What the fingerprint can still miss

  • Very long logs (> 4000 normalised characters). Only the last 4000 characters of the normalised log are hashed. If the discriminating detail lives near the start of the log (a service name in the setup section) and the tail looks generic (a stack trace common to many bugs), the lookup_hash may collide. Rare in practice — the failing step is almost always near the end.
  • Unrecognized service. When nothing in the tail matches the keyword list, service_tag is empty. Two genuinely different failures with no recognizable infrastructure mention will share a cluster. The trade-off favours stable clustering; an explicit resolved on the misclustered row rebuilds it on the next occurrence.
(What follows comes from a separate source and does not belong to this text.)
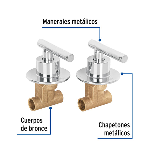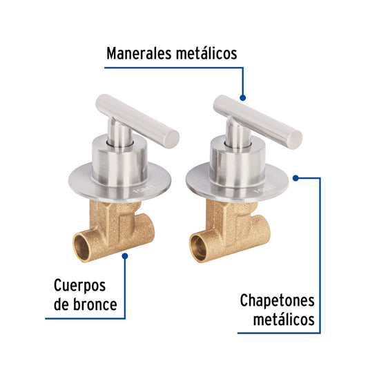 Proveedor:FosetJuego llaves empotrar soldables, volante cromo, Túbig, 46786Cuerpos de bronce con 80% de cobre para máxima duración Manerales tipo volante y chapetón metálico Alta resistencia a la...

Two genuinely different errors keep their own clusters. If the analyzer ever returns the same root cause for two unrelated failures, mark one cluster resolved — the next recurrence rebuilds the row.

Privacy

Clusters live in the same tenant boundary as everything else: rows from other tenants are never returned, even if their fingerprints collide by coincidence. The fingerprint hash is computed from the cleaned log and stored alongside the analysis (which itself never persists raw log content — see data privacy for the full invariants).